Tuning and optimisation of transaction-monitoring rules, thresholds and models — cutting false positives while closing genuine detection gaps, with documented rationale.

The problem

Transaction-monitoring systems are typically configured once, on vendor defaults, and rarely tuned. The result is the worst of both worlds: tens of thousands of false-positive alerts burying the analysts, and genuine typologies the rules were never set to detect. The institution is simultaneously over-alerted and under-protected.

Transaction monitoring is where AML frameworks most visibly succeed or fail, and where the most effort is wasted. A poorly tuned system generates noise on an industrial scale — analysts working through tens of thousands of alerts that lead nowhere — while the typologies that actually matter slip through rules that were never configured to catch them. The institution is paying for over-alerting and under-detection at the same time.

Optimisation fixes both, but only if it is done with evidence rather than instinct.

Tuned to noise, not to risk

The goal of optimisation is not simply fewer alerts. It is fewer false alerts and better coverage of genuine risk. Those are different objectives, and conflating them is how institutions cut alert volumes by raising thresholds and quietly discard real activity in the process. CCL separates the two: we cut the noise and close the gaps, and we evidence each.

Above and below the line

The discipline that makes tuning defensible is below-the-line testing. When a threshold is raised, the supervisory question is what now sits just beneath it — and whether genuine risk has been excluded. We test above and below the line, sampling the activity that the new configuration would no longer alert on, to confirm thresholds are tuned to noise rather than to real transactions. The before-and-after baseline and the testing evidence are what turn an efficiency exercise into a regulator-ready position. The reasoning is set out in transaction monitoring rule and model recalibration.

Inside a governance framework

An optimised configuration is only as durable as the governance around it. Every tuning decision is documented with its rationale and evidence, the typology coverage is mapped, and the institution is left with an ongoing tuning and model-monitoring framework — so the system is maintained on a cycle rather than left to degrade until the next review. Where the monitoring uses AI or statistical models, this connects directly to AI-enabled compliance and model-risk governance.

The CCL approach

  1. 01

    Measure before you tune

    We baseline alert volumes, false-positive rates, productivity and detection coverage so optimisation is evidence-led, with a defensible before-and-after position.

  2. 02

    Above- and below-the-line testing

    Threshold tuning validated with above-the-line and below-the-line testing — confirming that raising a threshold cuts noise without discarding genuine risk just below the cut.

  3. 03

    Refresh scenarios against typologies

    Rules and scenarios are mapped to current typologies and the institution's actual risk profile, closing coverage gaps and retiring rules that no longer earn their place.

  4. 04

    Document for model governance

    Every tuning decision is documented with its rationale and testing evidence, so the optimised configuration sits inside a defensible model-governance framework.

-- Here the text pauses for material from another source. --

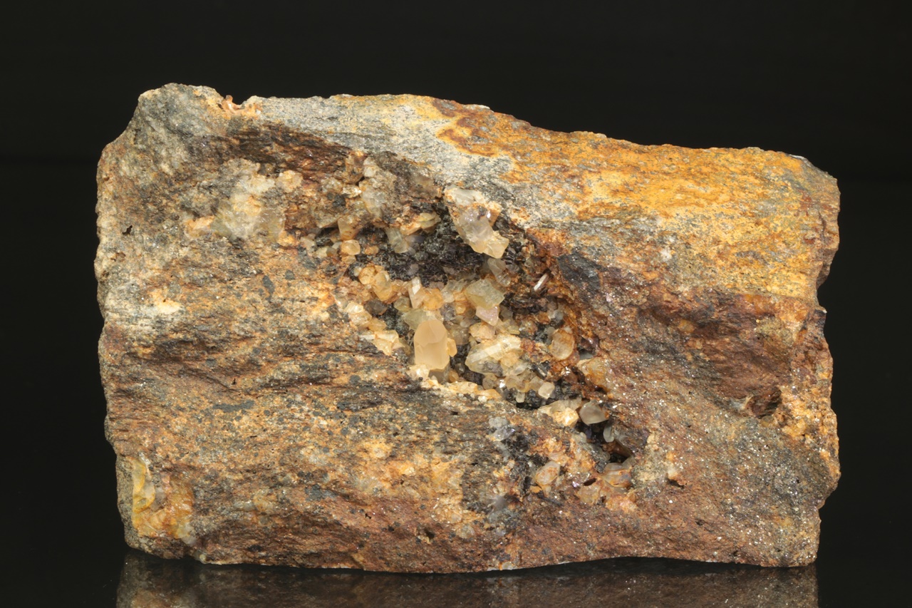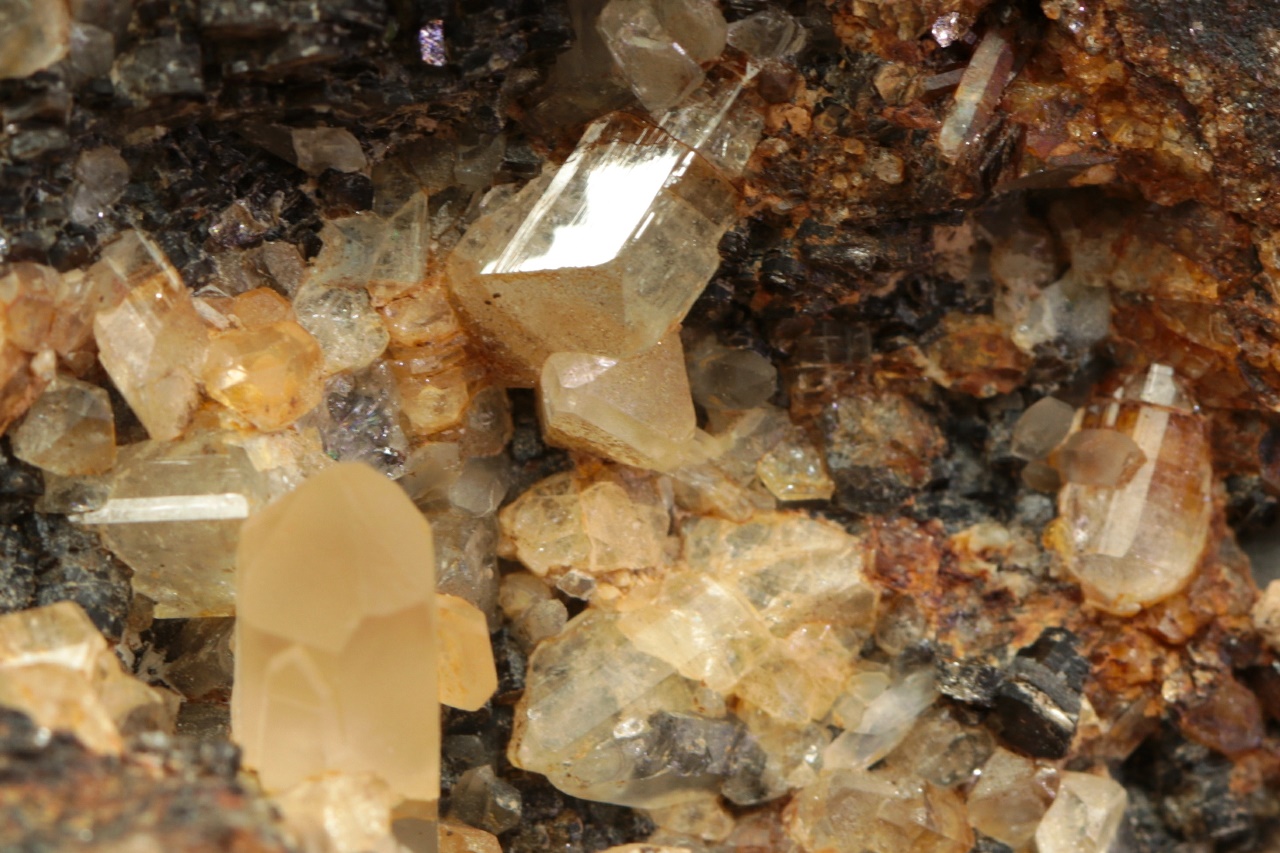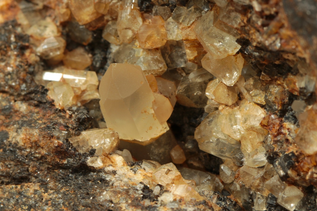 Světle žluté krystaly topazu až 9 mm velké narostlé do dutiny s krystalem křemene.
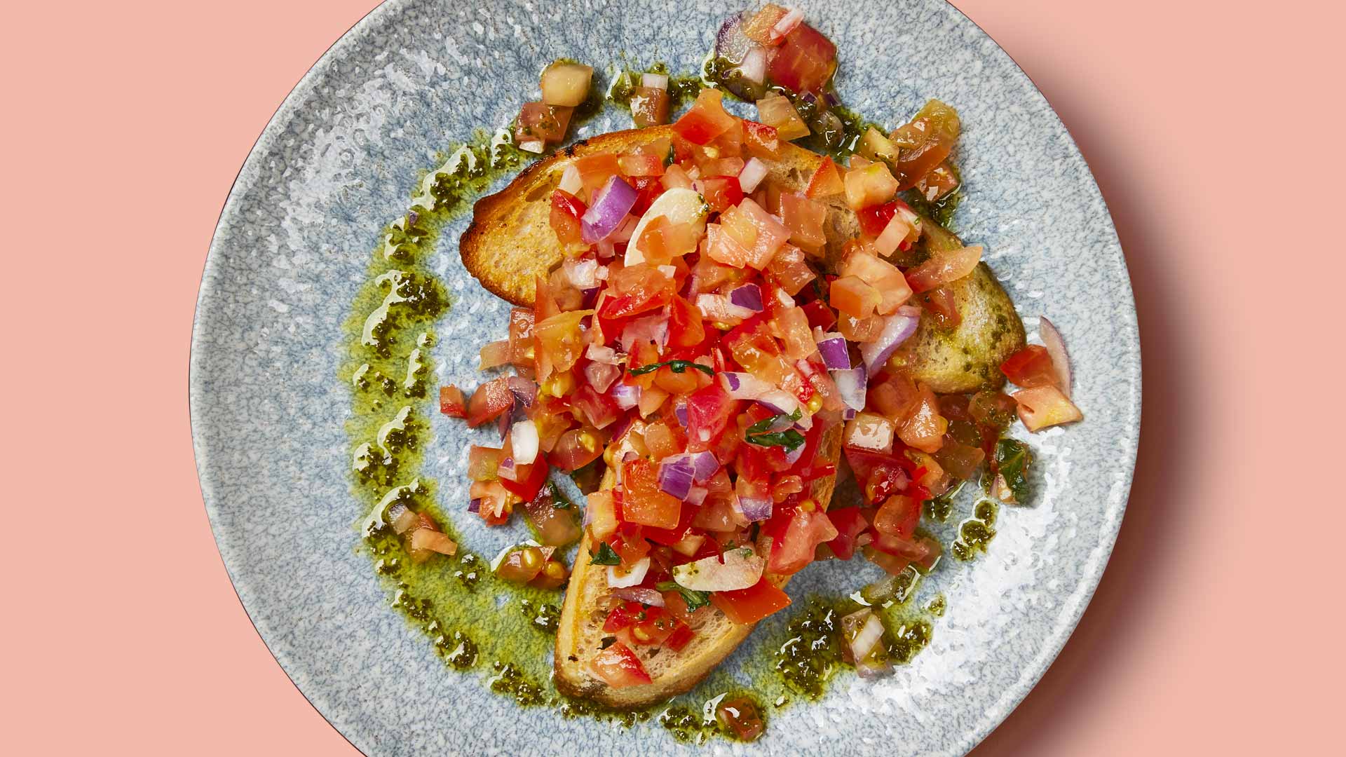 Lightly toasted garlic ciabatta slices topped with plum tomatoes, red onion, fresh basil and basil oil

Frequently asked questions

How do you reduce false positives without missing real risk?

With below-the-line testing. When a threshold is raised to cut alert volume, the genuine question is what sits just below the new line — would real risk be discarded? We sample below-the-line to confirm thresholds are tuned to noise, not to genuine activity, and document the evidence. Cutting false positives is easy; cutting them defensibly is the skill.

Is this model validation?

It includes the validation a tuning exercise requires — testing that the configuration performs as intended — and produces the documentation model governance expects. For institutions deploying AI or statistical monitoring models, this connects to our AI-enabled compliance work on model-risk governance and explainability.

Our vendor tuned the system at install. Why revisit it?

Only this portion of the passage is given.